What is being asked – Begin at the top of the records below and print each line exactly until the line containing "and presentation product" has been printed; any pictures are to be left out.

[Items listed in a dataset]

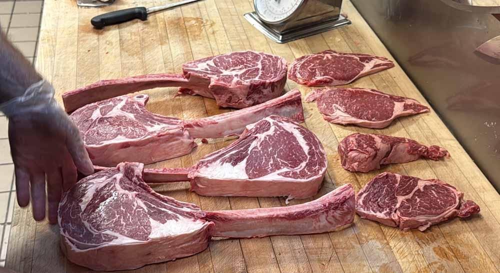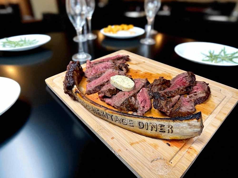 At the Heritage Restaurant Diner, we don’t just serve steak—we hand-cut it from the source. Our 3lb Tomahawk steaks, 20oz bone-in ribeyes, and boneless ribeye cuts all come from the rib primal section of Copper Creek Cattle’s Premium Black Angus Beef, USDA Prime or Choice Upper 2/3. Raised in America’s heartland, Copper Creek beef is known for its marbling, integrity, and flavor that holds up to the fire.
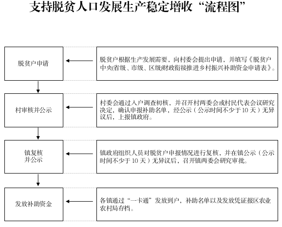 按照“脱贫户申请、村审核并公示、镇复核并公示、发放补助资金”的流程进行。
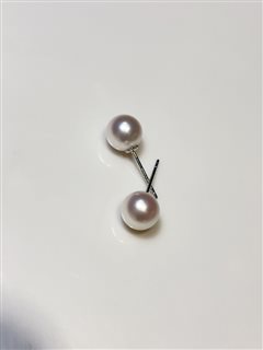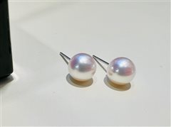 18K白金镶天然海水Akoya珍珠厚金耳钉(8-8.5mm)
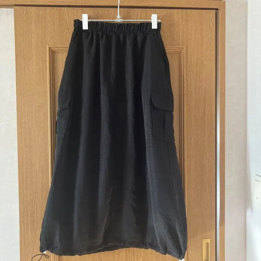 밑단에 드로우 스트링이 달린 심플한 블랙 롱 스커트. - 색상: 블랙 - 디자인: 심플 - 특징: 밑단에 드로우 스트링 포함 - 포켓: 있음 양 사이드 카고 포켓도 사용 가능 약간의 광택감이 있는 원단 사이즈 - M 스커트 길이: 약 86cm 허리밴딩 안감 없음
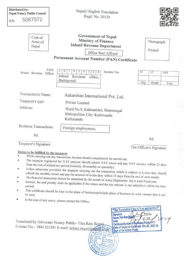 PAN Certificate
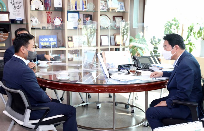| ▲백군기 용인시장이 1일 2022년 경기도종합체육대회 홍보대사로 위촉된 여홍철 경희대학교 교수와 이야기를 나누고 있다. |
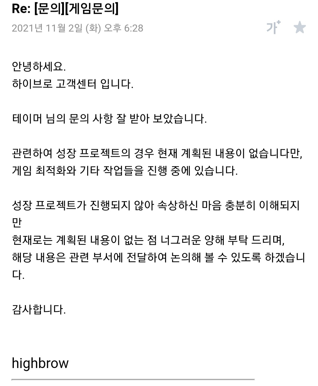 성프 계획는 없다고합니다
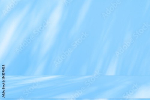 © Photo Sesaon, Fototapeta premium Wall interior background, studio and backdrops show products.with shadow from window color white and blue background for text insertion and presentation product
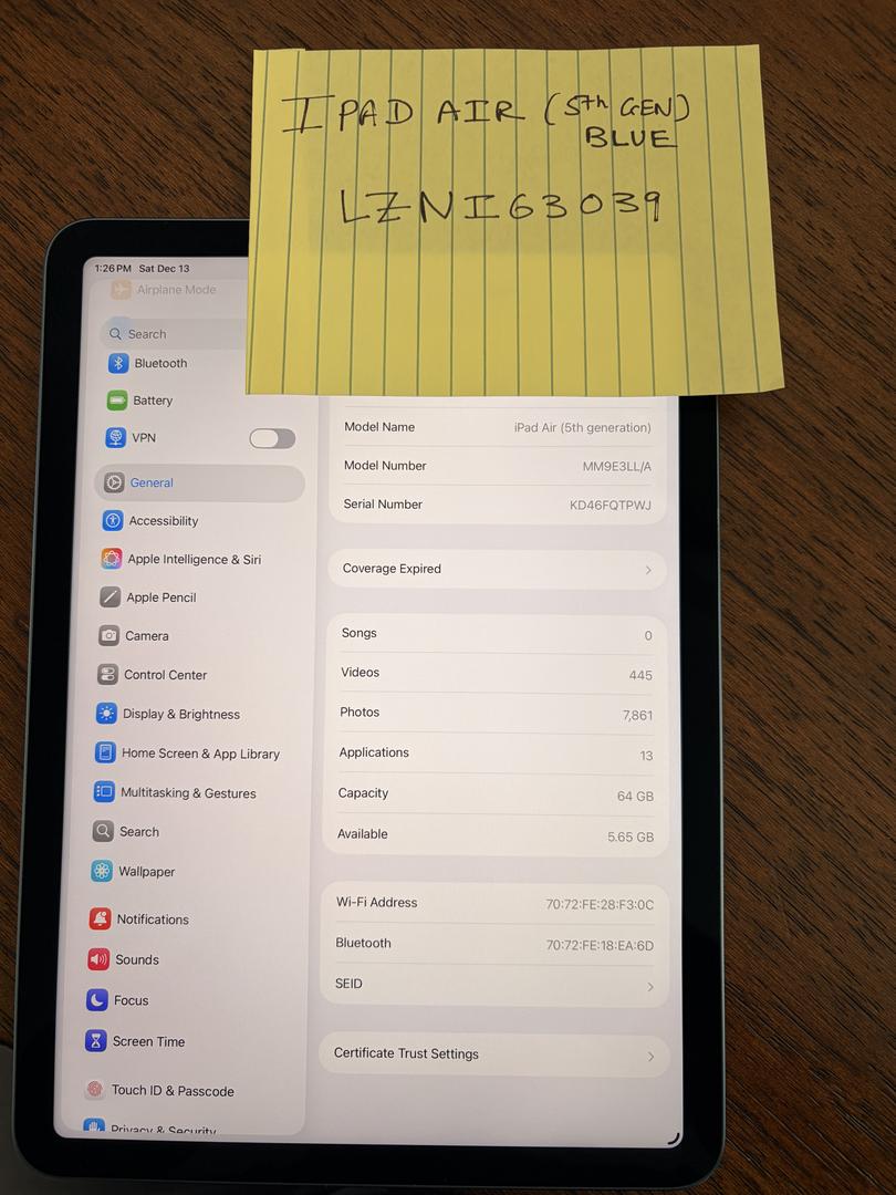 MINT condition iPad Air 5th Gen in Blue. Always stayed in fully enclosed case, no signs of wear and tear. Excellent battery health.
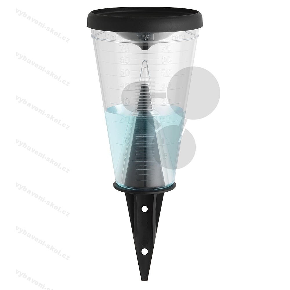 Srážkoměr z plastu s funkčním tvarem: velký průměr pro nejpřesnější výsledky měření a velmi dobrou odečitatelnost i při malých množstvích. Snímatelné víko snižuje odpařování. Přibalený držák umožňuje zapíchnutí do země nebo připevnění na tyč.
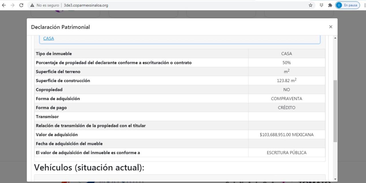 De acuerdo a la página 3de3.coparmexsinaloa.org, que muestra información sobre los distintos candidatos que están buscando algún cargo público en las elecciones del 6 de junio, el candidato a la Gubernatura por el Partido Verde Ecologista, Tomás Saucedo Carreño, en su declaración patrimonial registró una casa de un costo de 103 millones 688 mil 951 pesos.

Written response –
 At the Heritage Restaurant Diner, we don’t just serve steak—we hand-cut it from the source. Our 3lb Tomahawk steaks, 20oz bone-in ribeyes, and boneless ribeye cuts all come from the rib primal section of Copper Creek Cattle’s Premium Black Angus Beef, USDA Prime or Choice Upper 2/3. Raised in America’s heartland, Copper Creek beef is known for its marbling, integrity, and flavor that holds up to the fire.
 按照“脱贫户申请、村审核并公示、镇复核并公示、发放补助资金”的流程进行。
 18K白金镶天然海水Akoya珍珠厚金耳钉(8-8.5mm)
 밑단에 드로우 스트링이 달린 심플한 블랙 롱 스커트. - 색상: 블랙 - 디자인: 심플 - 특징: 밑단에 드로우 스트링 포함 - 포켓: 있음 양 사이드 카고 포켓도 사용 가능 약간의 광택감이 있는 원단 사이즈 - M 스커트 길이: 약 86cm 허리밴딩 안감 없음
 PAN Certificate
| ▲백군기 용인시장이 1일 2022년 경기도종합체육대회 홍보대사로 위촉된 여홍철 경희대학교 교수와 이야기를 나누고 있다. |
 성프 계획는 없다고합니다
 © Photo Sesaon, Fototapeta premium Wall interior background, studio and backdrops show products.with shadow from window color white and blue background for text insertion and presentation product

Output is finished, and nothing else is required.